Торжество похорон
Мать Жана как раз покинула комнату. Я сидел нога на ногу, а тут поменял их местами: нижнюю на верхнюю. Смотрел я при этом на грудь Эрика, слегка наклоненную вперед.
— Вы, должно быть, скучаете по Берлину, — обратился я к нему.
Он отвечал очень медленно, тяжеловесно, подбирая слова:
— Почему скучаю? Я туда вернусь после войны.
Он угостил меня американской сигаретой — их, скорее всего, покупала для него прислуга или хозяйка дома, поскольку он никогда не покидал этой квартирки. Я дал ему огня. Он приподнялся, но не прямо, а чуть склонившись, так что, выпрямляясь, он должен был откинуть бюст назад, что напружинило все тело и выпятило под тканью штанов его мужской приклад. И тут, несмотря на затворничество, несмотря на вяло подчиненную печальную повадку, свойственную женщинам, он приобрел благородное обличье зверя во всей его полноте — со своей царственной ношей между ног.
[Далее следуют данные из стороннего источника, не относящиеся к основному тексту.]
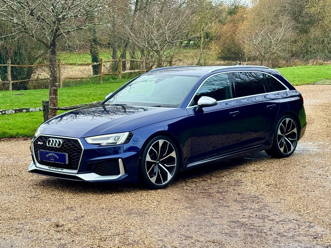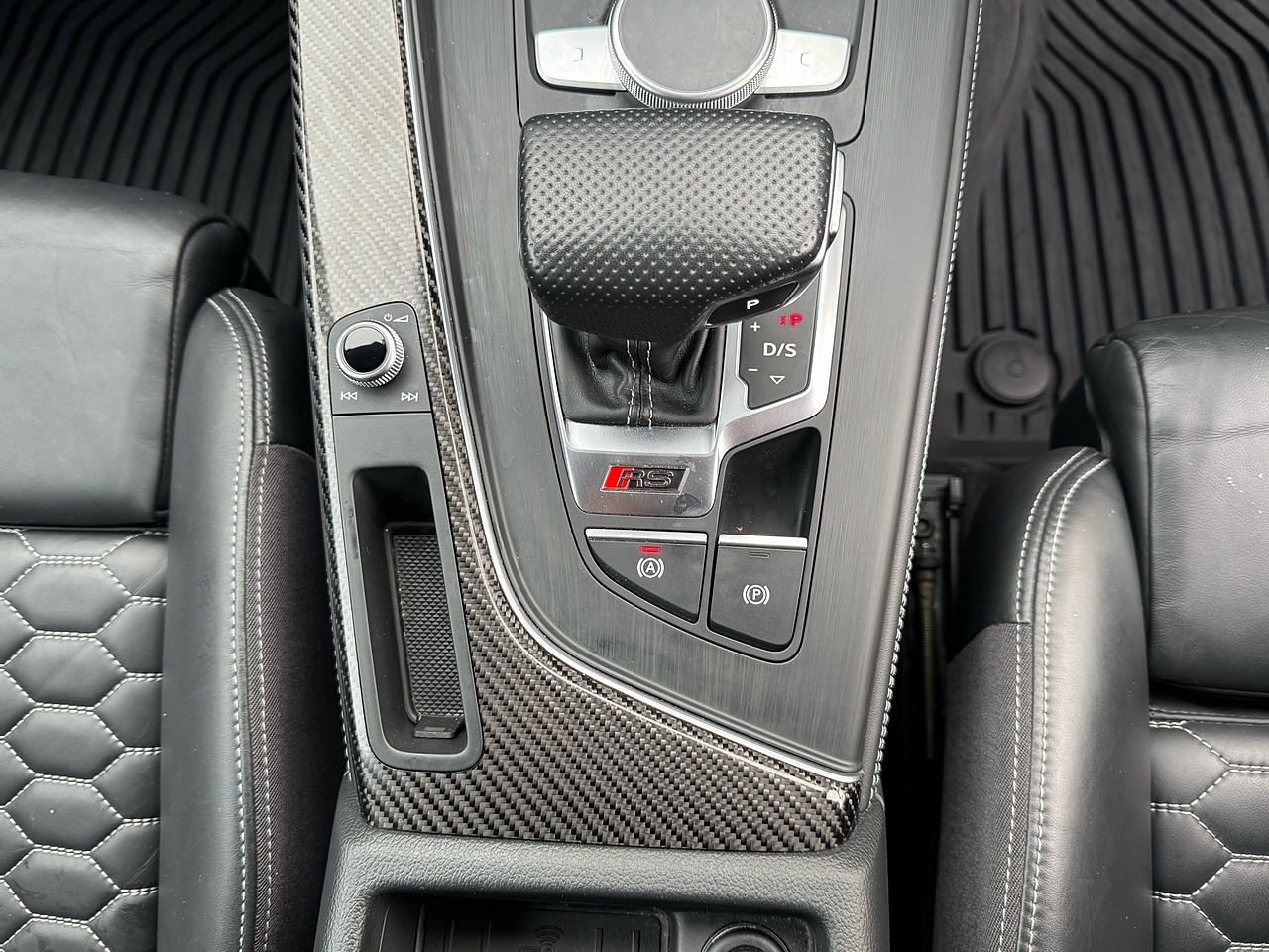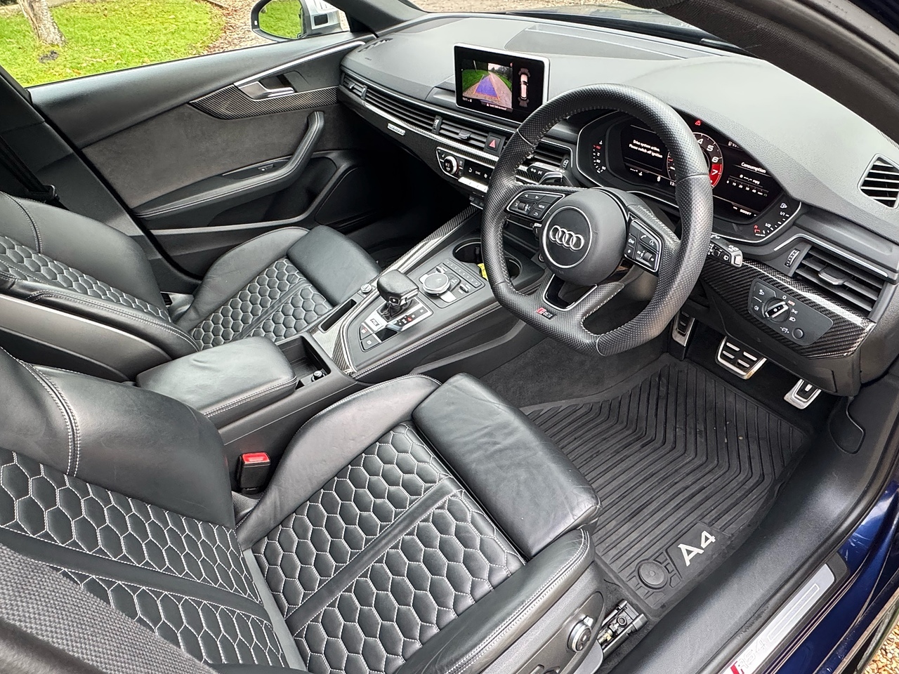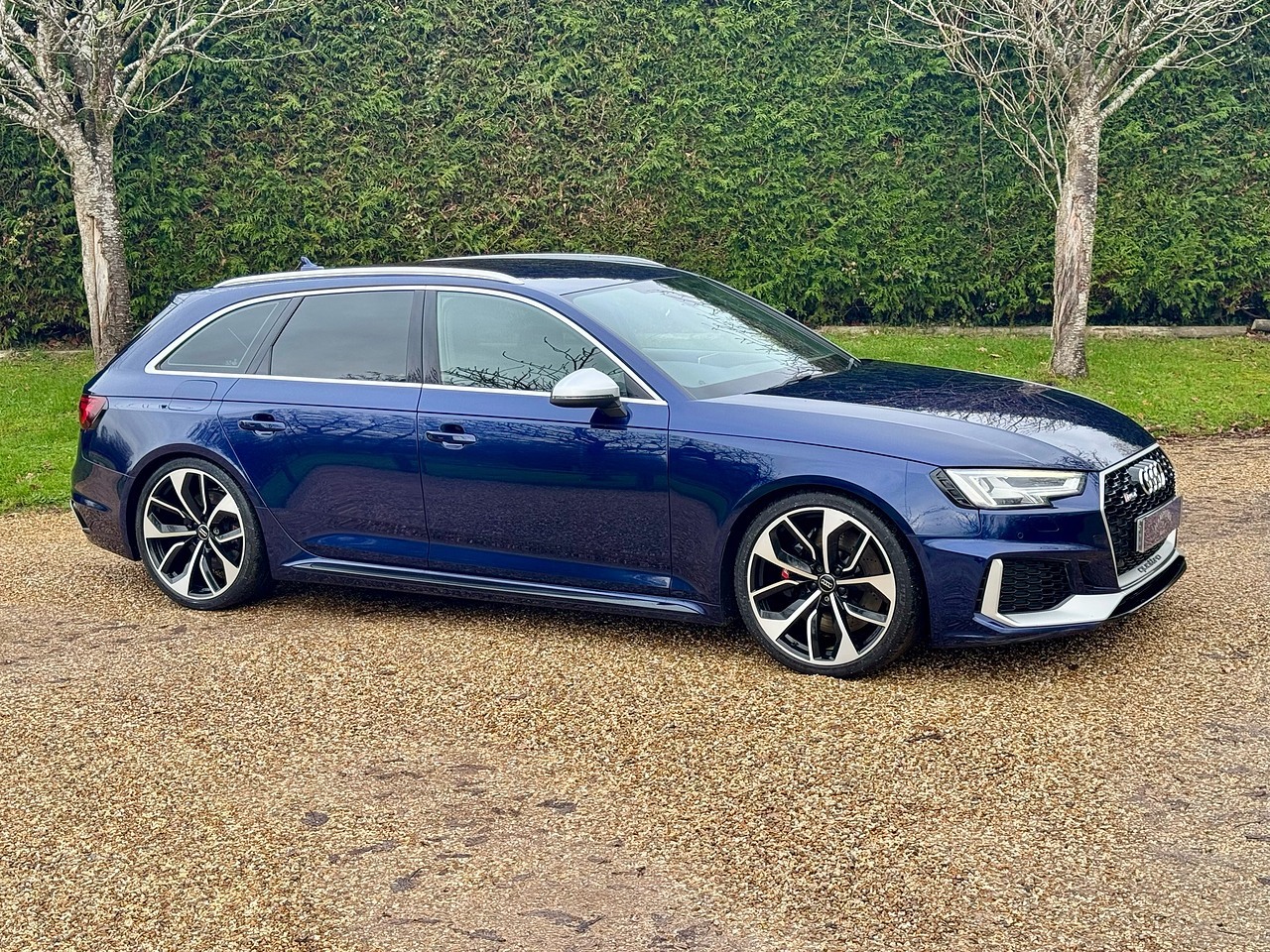 This 2018 Audi RS4 Avant TFSI V6 boasts exceptionally low mileage for its age, having covered just 46873 miles, and benefits from an MOT valid until August 2026. This powerful estate car features a 2.9 litre petrol engine and a four wheel drive drivetrain, meeting Euro 6 emission standards. Notable features include Audi Side Assist with Blind Spot Assistance, a Light and Rain Sensor that automatically activates the headlights, and Deluxe 3-Zone Climate Control for personalised comfort. The striking LED headlights are complemented by LED rear lights and dynamic rear indicators, enhancing both visibility and the car's sophisticated appearance.

— Наверное, вам тут скучно?
Мы произнесли еще несколько банальностей. Я бы мог его возненавидеть, но его грусть, по размышлении, должна была свидетельствовать о мягкости натуры. На лице пролегли тончайшие морщинки, как у двадцатипятилетних блондинок. Он все еще оставался очень красивым, очень сильным, являя своим грустным видом и даже вялой неспешностью всех движений дикого зверя, достигшего зрелости.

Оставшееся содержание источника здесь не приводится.